What needs to be done: Filter the entries, keeping every line with the word "Reader".

Data shown:

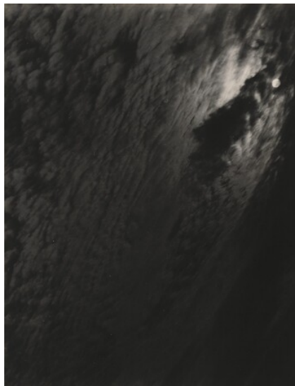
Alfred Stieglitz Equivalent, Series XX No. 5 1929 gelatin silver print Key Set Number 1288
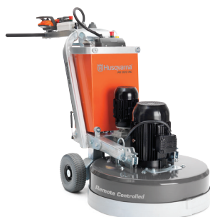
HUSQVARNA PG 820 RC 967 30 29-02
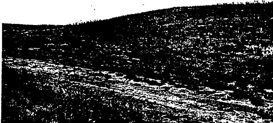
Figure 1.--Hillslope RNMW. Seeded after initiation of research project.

==

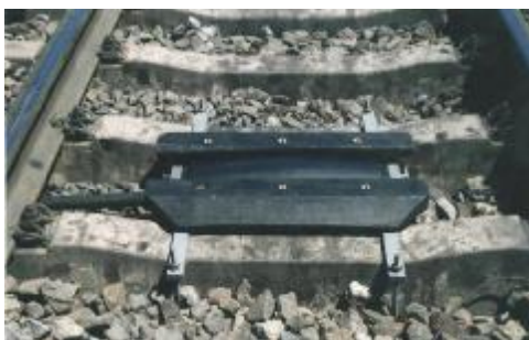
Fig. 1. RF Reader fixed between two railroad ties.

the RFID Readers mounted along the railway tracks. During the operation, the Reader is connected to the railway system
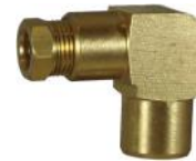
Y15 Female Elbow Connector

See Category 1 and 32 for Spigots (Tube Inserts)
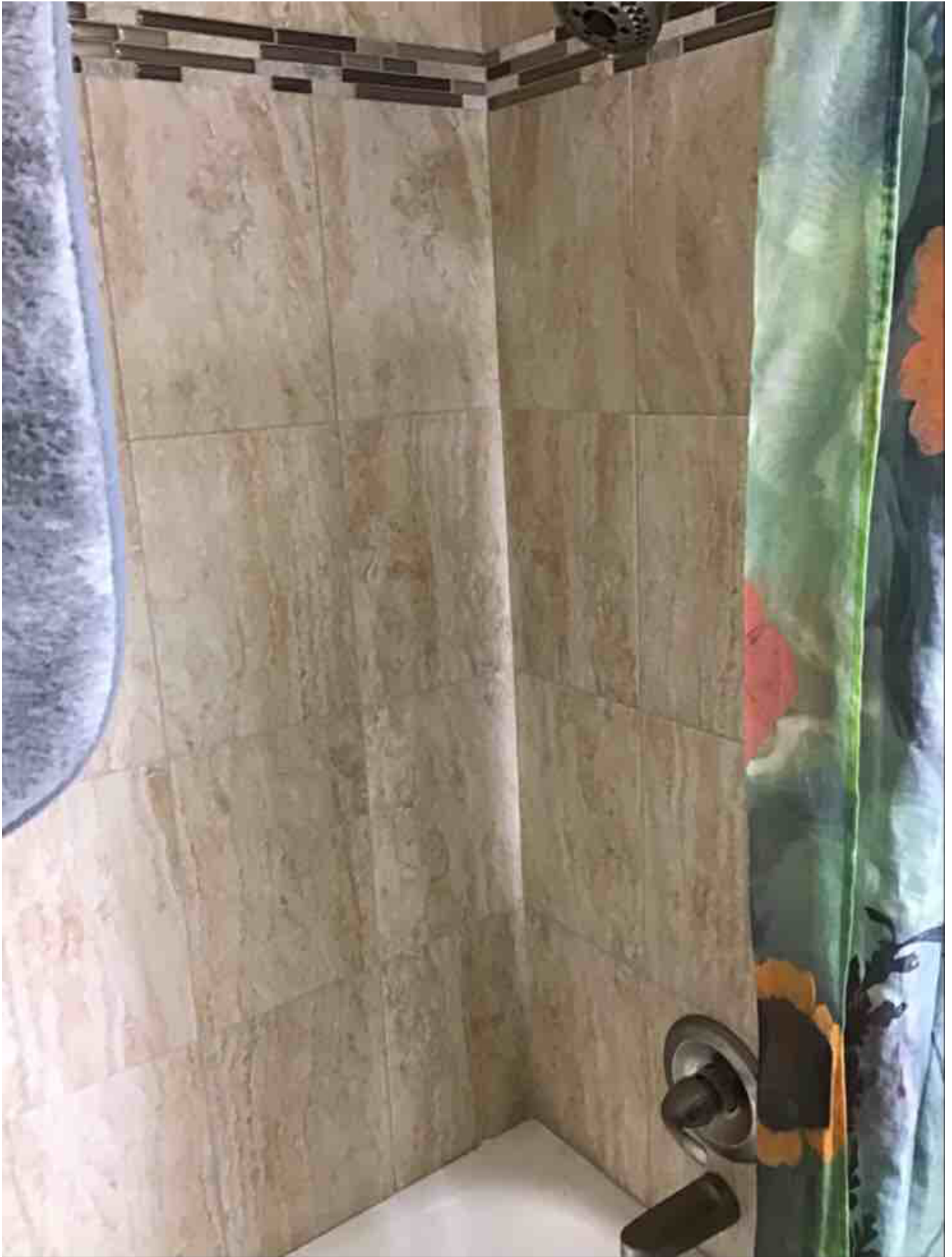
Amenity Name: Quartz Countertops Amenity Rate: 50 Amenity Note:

--

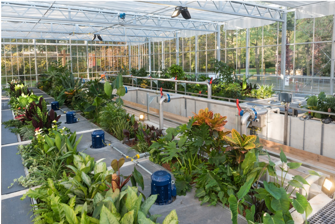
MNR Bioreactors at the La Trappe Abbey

Solution to this task:
Fig. 1. RF Reader fixed between two railroad ties.
the RFID Readers mounted along the railway tracks. During the operation, the Reader is connected to the railway system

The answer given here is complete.